In preparing our post on the Little Office of the Blessed Virgin Mary, we had cause to review Charles De Koninck’s wonderful book on Our Lady, Ego Sapientia. Given some of the discussions in the Catholic world over the past couple of weeks, we were struck by this passage (from no. XXIV, Ubi Humilitas, Ibi Sapientia):
Humility touches the very cause of mercy. Mercy, in effect, looks at the inferior as such. Now, God resists the proud, and gives grace to the humble—Deus superbis resistit, humilibus autem dat gratiam (James IV, 6; Prov. III, 34). Mercy only lavishes its bounty over the inferior who recognizes himself as such, and the more inferior he will be, the more he will have reason to humble himself. But, this humility will only be productive if it is rooted in a knowledge wherein we see at the same time how we are not, and how powerful is the one who is Lord over us. The very great humility of the Blessed Virgin must rest on faith in the omnipotence of God. Et beata, quae crededisti, quoniam perficienter ea, quae dicta sunt tibi a Domino—Happy is she who believed! cries St. Elizabeth, “for the promises made her by the Lord will be fulfilled” (Luke I, 45).

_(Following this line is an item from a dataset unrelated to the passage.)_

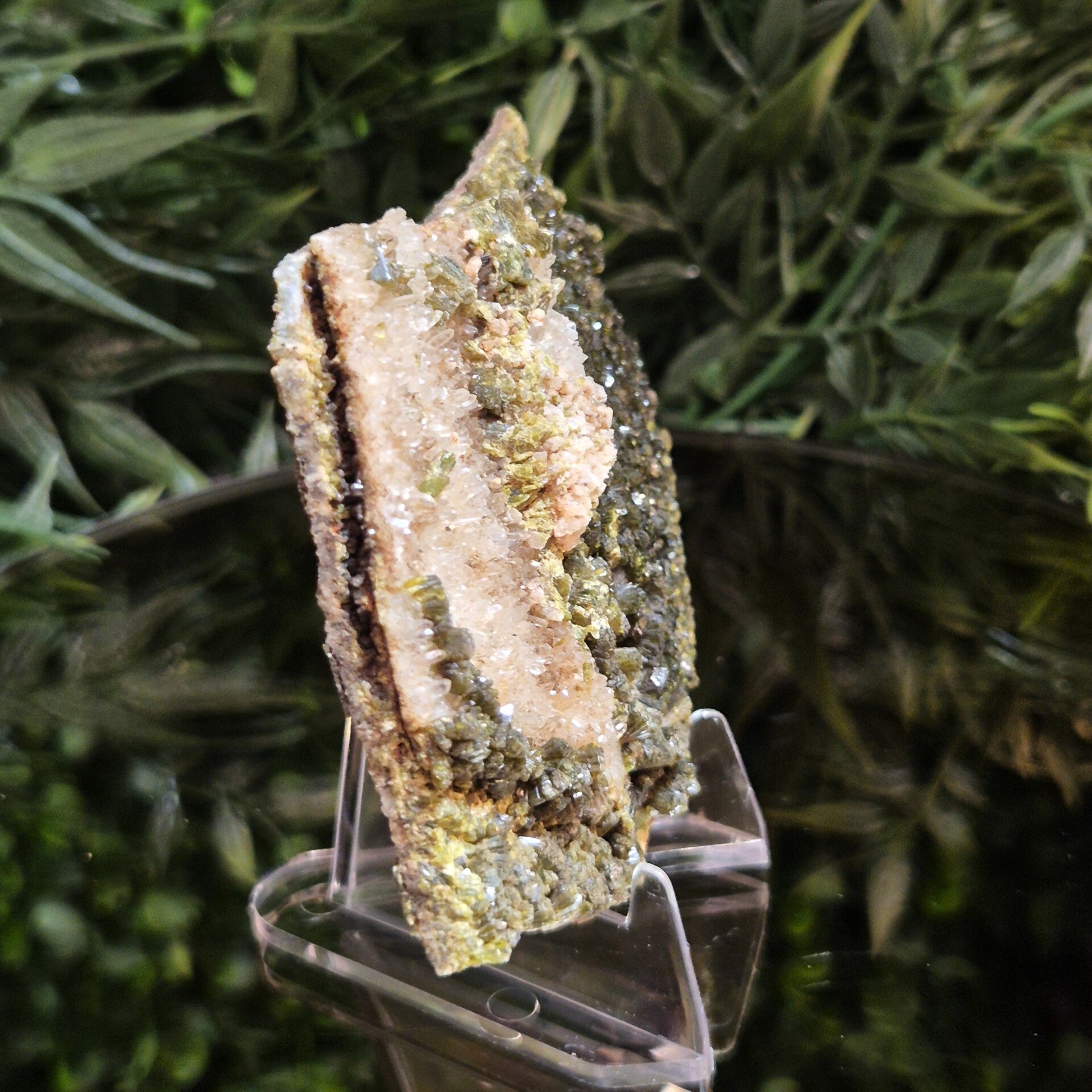 Een prachtig stuk ruwe epidoot met mooie diep groene kristallen.

De Koninck goes on to observe, in no. XXVI, Felix Culpa!:
Nigra sum, sed formosa. In fact, mercy manifested itself even beyond the assumption of human nature by means of birth. Man, whom God had established in a state of original justice infinitely superior to all that could belong to him by nature, had succumbed to the temptation of being himself the origin of the dignity to which God deigned to elevate him. Et homo cum in honore esset, non intellixit: comparatus est jumentis insipientibus, et similis factus est illis—And man, while he was in his splendor, did not understand: he became comparable to the stupid beasts, and he became like them (Ps. XLVIII, 13,21). By original sin, human nature became vulnerable. We are born in a state of misery properly speaking. Ecce enim in iniquitatibus conceptus sum: et in peccatis concepit me mater mea—Behold I was born in iniquity and my mother conceived me in sin (Ps. L, 7).
Now sin is not just any kind of fault: it is that fault which is furthest from God. Evil properly speaking is not simple privation, it is opposed to good as a contrary. Consequently, the mercy which will come face to face with evil, which will be victorious over evil, will also be, in a sense, the greatest possible. The manifestation of the divine omnipotence will make here, within the universe itself, a sort of return to itself: it will be like the plentitude of mercy. Evil (malus poenae) was ordered to the greatest manifestation of mercy conceivable. O felix culpa, quae talem ac tantum meruit habere Redemptorem—O happy fault which merited for us such and so great a Redeemer (Office of Holy Saturday).
If, according to the ordinary power of God, man alone could be redeemed, is this not due to the very imperfection of our intelligence, which is also the root of the contrariety of the two natures? The fallen angel, on the contrary, was immediately obstinate and confirmed in evil. This is because angelic intelligence is so perfect that it grasps without composition and division and without discourse all that we know by simple apprehension, by the understanding of principles and by a science very difficult to acquire: it grasps its object in an immutable manner, and the adhesion of the will is also fixed and immutable. Man is as a consequence more open to mercy by his very imperfection. The free will of man remains as flexible after choice as it was before this choice; on the contrary, the free will of the angel, flexible before the choice, becomes, after this choice, immutably fixed.
(Emphasis supplied.) There is, we think, much to digest in De Koninck’s treatment of mercy, to say nothing of his discussion of the excellence of Our Lady.
Perhaps one of the bright young Catholic writers today could discuss certain interventions of the recent magisterium in the context of De Koninck’s treatment of mercy in Ego Sapientia.